__WHAT THE TASK REQUIRES__.
Taking only the lines of the data below from the line with "人差し指を立てるスーツ姿のミドル女性" to the line with "按照《關(guān)于進(j", ends included, write them out exactly and without pictures.

::: SUPPLIED ENTRIES :::

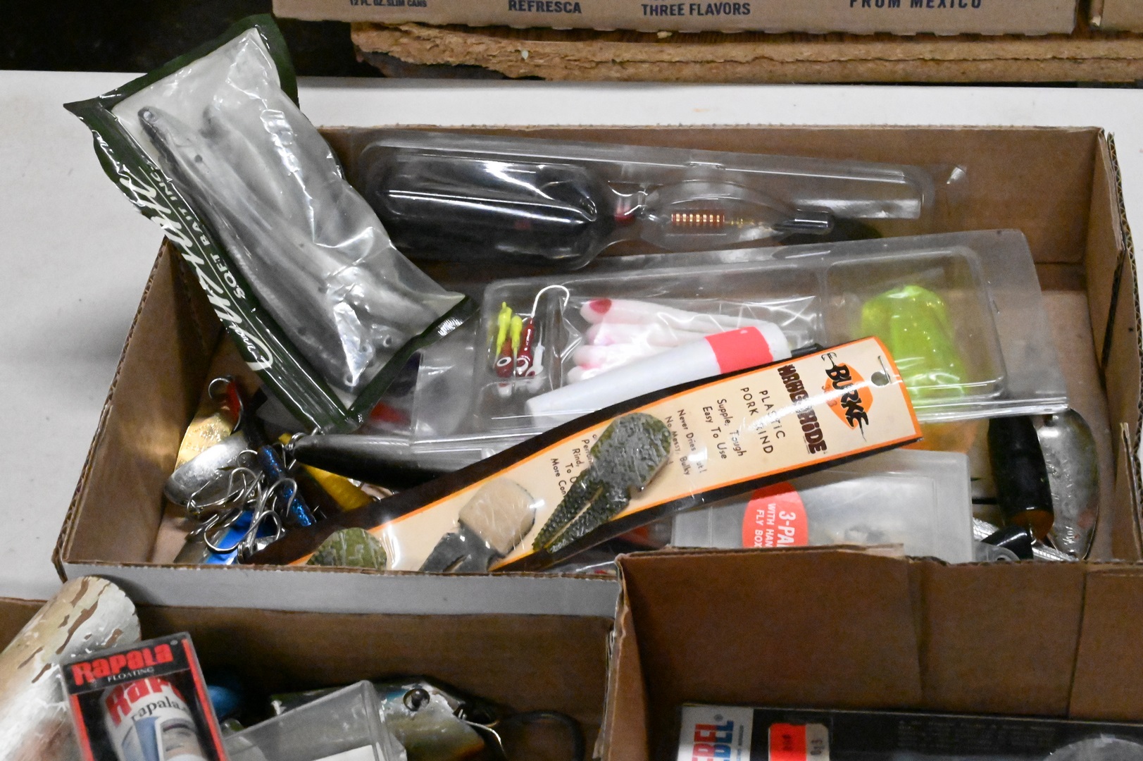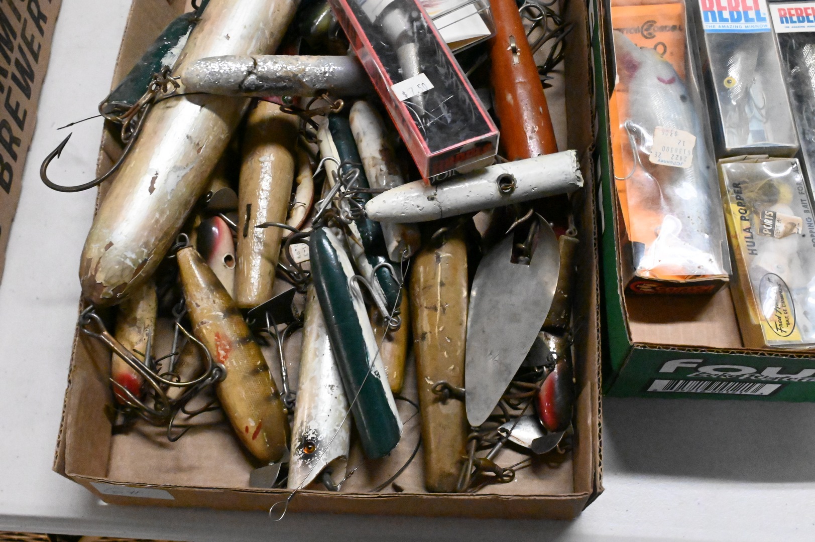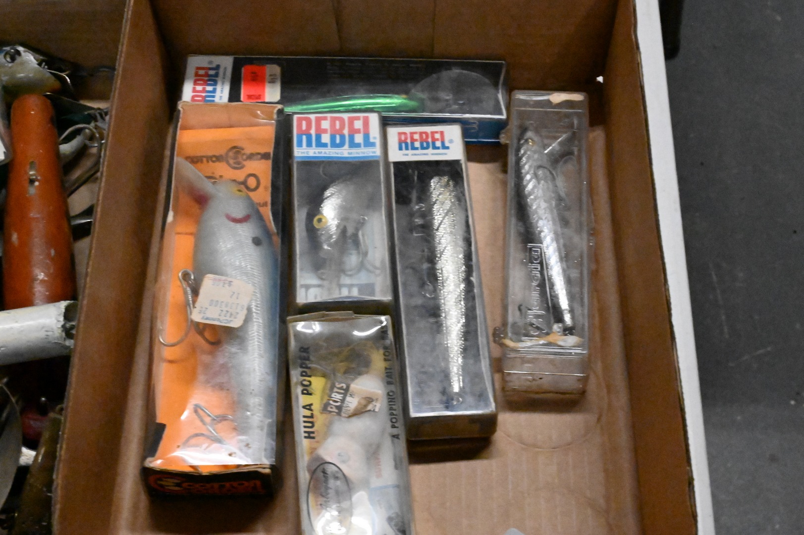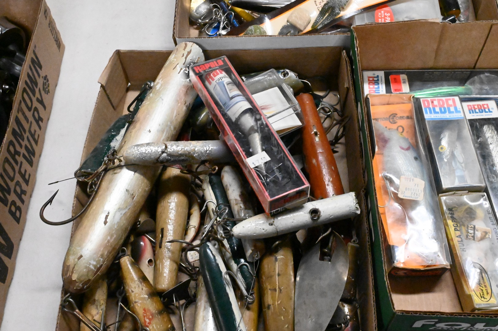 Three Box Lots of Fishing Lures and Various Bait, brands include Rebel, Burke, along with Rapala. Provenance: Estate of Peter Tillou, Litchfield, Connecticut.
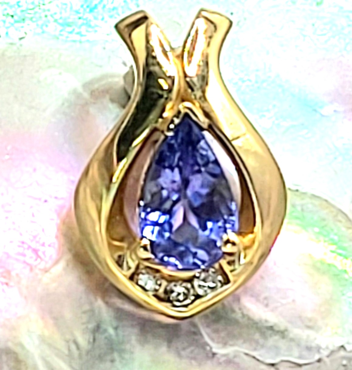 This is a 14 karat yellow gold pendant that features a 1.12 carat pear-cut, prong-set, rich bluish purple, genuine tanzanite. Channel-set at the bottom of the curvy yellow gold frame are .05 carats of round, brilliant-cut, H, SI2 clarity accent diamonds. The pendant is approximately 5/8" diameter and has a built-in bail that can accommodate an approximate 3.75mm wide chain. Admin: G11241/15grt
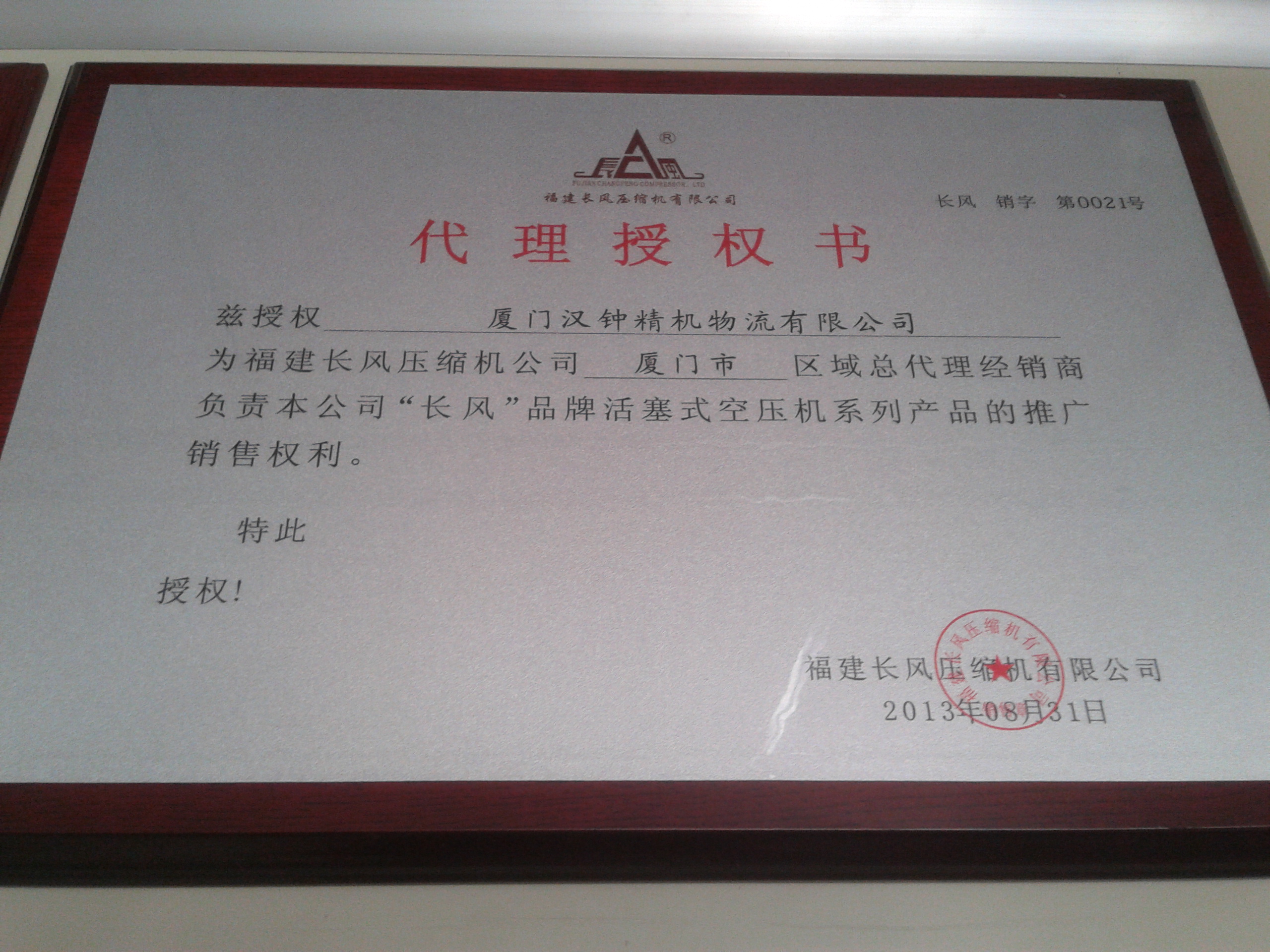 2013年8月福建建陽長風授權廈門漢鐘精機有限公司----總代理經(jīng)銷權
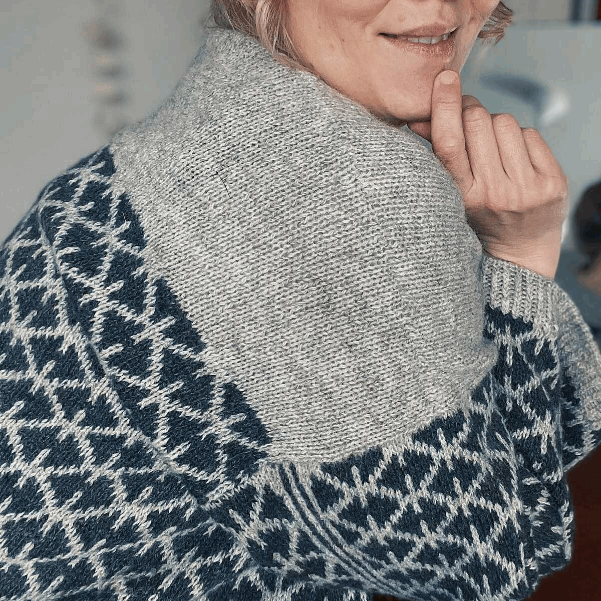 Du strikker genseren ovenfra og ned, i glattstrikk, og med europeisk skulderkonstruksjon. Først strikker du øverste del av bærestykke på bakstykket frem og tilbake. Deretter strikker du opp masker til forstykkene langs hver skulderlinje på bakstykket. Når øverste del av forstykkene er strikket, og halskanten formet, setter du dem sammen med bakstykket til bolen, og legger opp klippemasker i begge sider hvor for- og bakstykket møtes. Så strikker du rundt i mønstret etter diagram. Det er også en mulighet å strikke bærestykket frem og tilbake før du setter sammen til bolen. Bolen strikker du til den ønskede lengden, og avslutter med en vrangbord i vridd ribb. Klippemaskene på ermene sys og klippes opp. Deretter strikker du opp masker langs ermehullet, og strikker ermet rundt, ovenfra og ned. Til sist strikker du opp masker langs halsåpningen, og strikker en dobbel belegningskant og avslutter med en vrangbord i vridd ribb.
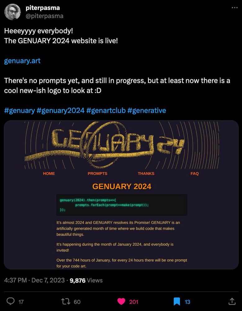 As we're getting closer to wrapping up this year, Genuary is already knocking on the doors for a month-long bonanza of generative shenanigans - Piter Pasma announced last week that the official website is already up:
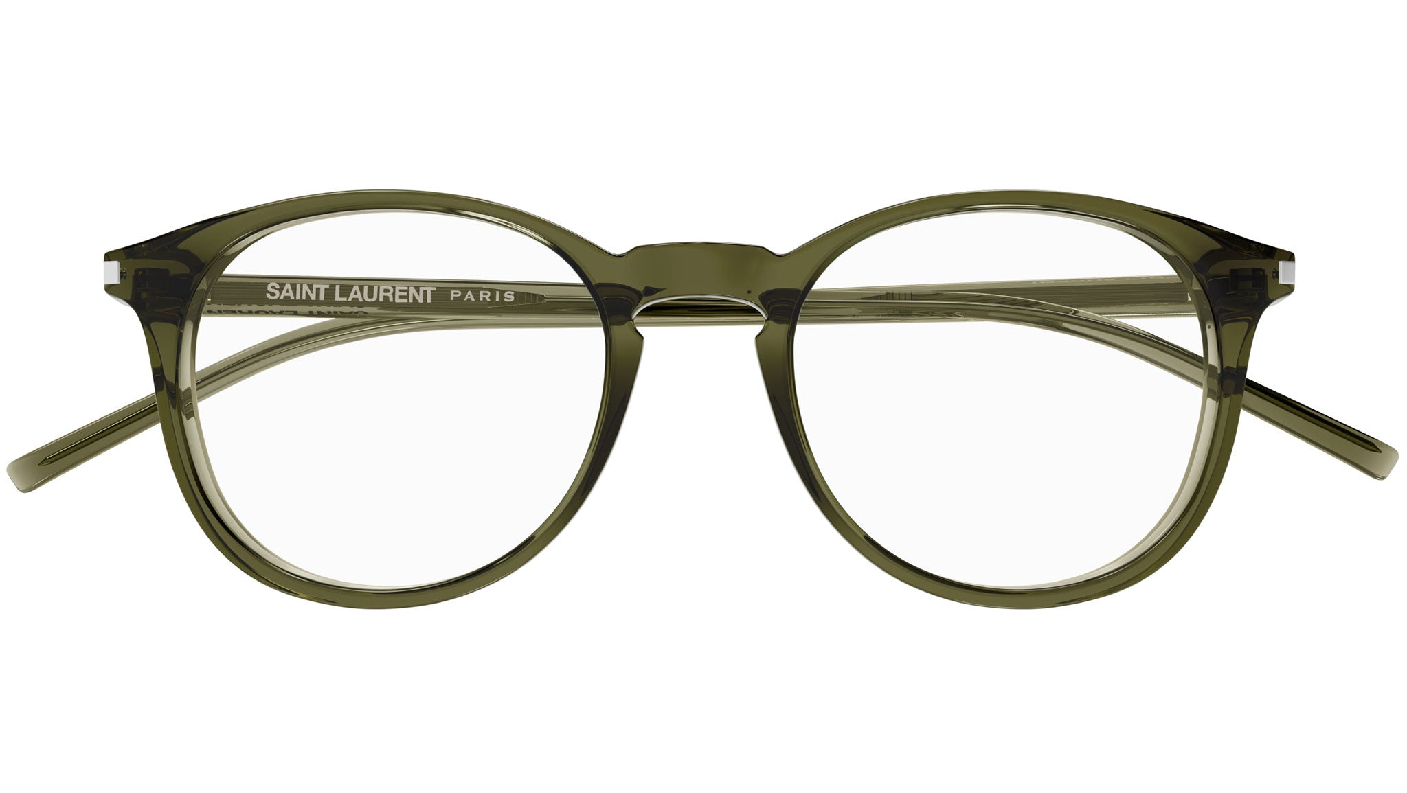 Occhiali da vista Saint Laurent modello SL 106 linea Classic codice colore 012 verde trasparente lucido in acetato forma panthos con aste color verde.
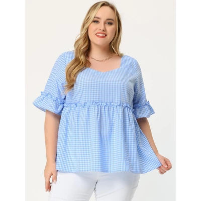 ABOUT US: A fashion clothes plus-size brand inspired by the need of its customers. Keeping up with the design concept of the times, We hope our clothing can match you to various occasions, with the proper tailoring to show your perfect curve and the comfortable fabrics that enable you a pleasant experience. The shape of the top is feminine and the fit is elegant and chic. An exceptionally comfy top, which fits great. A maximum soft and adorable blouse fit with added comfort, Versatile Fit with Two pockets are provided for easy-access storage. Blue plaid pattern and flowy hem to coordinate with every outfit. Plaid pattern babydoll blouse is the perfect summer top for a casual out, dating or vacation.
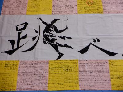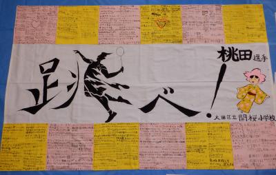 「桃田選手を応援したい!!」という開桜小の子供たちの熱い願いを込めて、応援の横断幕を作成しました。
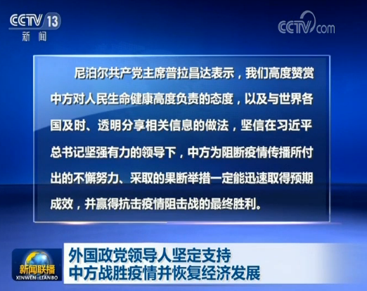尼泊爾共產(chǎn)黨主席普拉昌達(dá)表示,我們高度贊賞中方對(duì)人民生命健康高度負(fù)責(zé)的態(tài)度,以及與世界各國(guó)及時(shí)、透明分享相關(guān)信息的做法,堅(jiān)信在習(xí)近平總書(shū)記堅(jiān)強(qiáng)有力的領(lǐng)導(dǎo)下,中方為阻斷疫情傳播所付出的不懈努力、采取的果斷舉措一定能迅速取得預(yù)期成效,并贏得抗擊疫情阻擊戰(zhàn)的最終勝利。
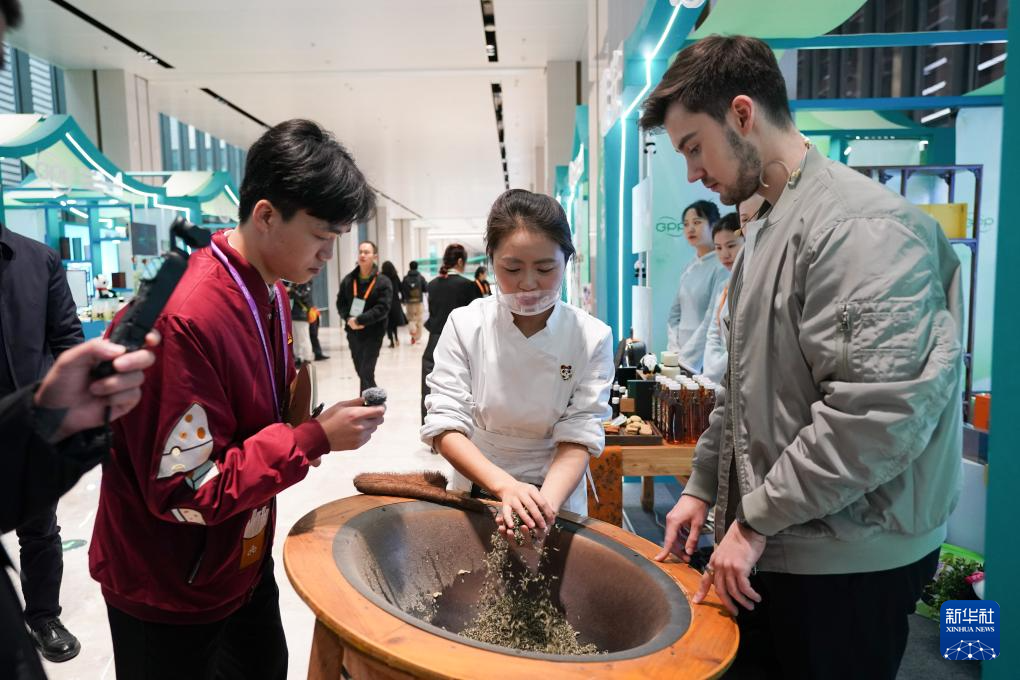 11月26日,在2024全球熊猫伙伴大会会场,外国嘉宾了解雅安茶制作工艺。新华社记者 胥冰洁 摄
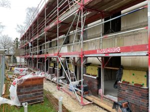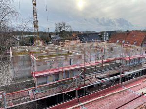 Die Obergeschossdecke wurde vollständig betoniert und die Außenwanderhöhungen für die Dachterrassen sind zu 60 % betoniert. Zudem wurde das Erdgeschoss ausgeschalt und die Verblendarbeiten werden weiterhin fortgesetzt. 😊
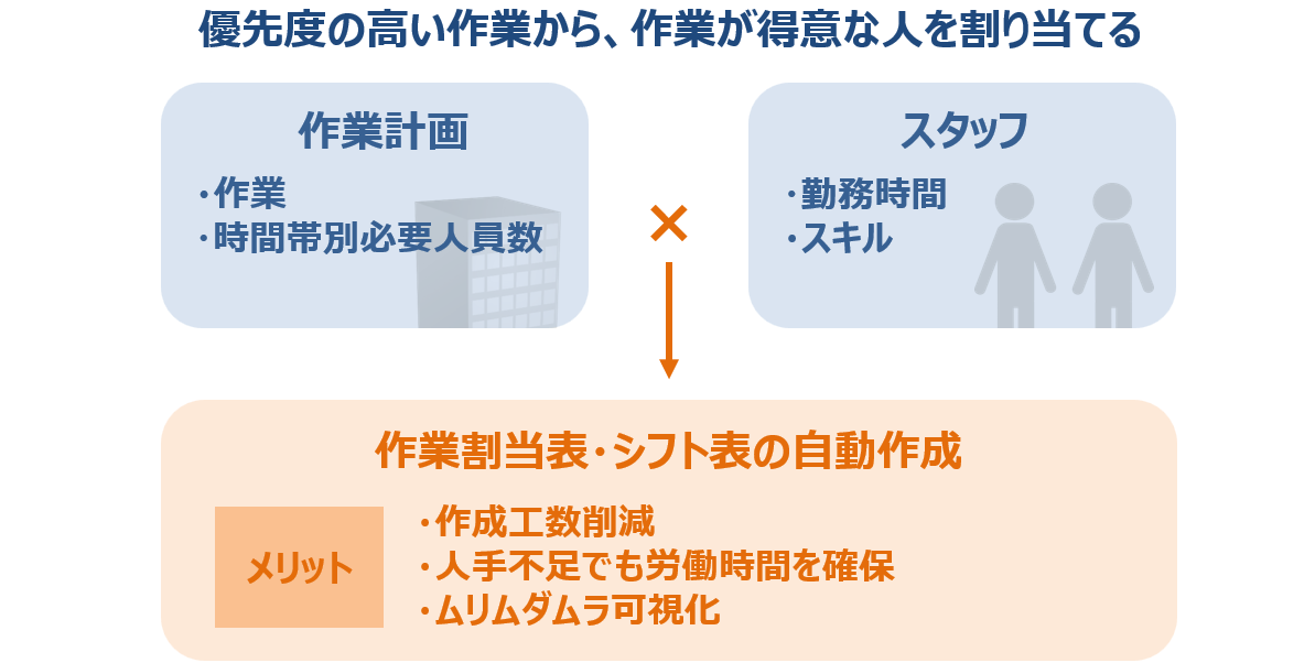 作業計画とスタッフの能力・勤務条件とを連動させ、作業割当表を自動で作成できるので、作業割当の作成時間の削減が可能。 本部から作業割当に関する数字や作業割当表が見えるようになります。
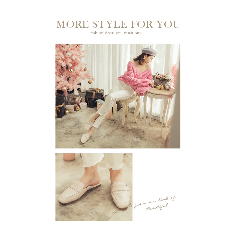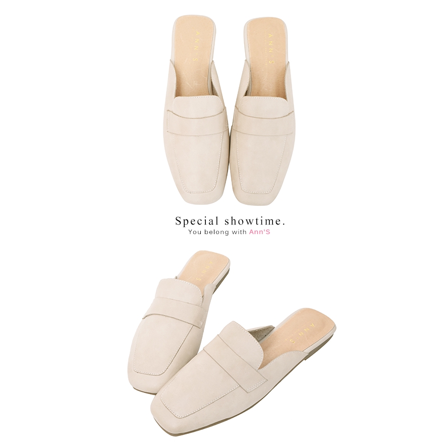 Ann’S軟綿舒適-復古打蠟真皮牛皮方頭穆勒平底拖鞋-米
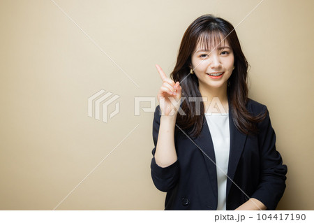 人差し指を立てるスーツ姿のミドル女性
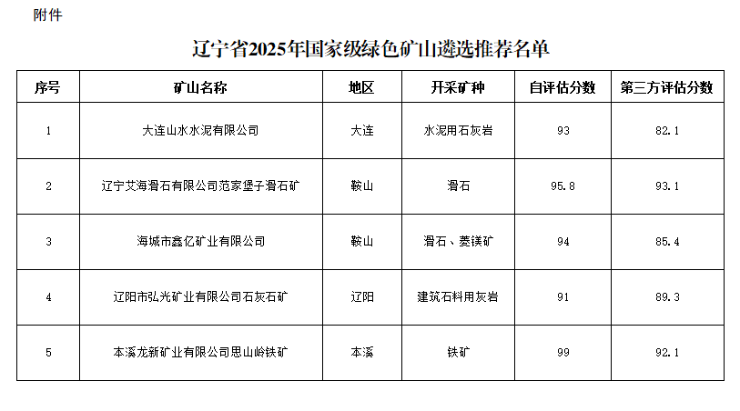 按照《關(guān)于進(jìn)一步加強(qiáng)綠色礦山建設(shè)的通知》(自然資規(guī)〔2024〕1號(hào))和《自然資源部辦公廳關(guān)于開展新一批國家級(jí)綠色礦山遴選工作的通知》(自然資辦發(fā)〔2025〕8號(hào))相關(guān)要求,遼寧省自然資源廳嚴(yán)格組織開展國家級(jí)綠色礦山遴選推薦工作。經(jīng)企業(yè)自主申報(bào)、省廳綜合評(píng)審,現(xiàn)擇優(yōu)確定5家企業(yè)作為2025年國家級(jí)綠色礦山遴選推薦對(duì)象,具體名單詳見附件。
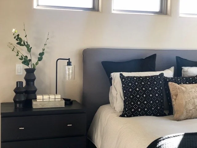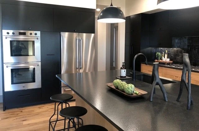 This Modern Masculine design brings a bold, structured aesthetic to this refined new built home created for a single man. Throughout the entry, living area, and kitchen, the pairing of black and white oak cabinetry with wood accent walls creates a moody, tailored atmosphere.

:::

__TASK SOLUTION__.
 人差し指を立てるスーツ姿のミドル女性
 按照《關(guān)于進(jìn)一步加強(qiáng)綠色礦山建設(shè)的通知》(自然資規(guī)〔2024〕1號(hào))和《自然資源部辦公廳關(guān)于開展新一批國家級(jí)綠色礦山遴選工作的通知》(自然資辦發(fā)〔2025〕8號(hào))相關(guān)要求,遼寧省自然資源廳嚴(yán)格組織開展國家級(jí)綠色礦山遴選推薦工作。經(jīng)企業(yè)自主申報(bào)、省廳綜合評(píng)審,現(xiàn)擇優(yōu)確定5家企業(yè)作為2025年國家級(jí)綠色礦山遴選推薦對(duì)象,具體名單詳見附件。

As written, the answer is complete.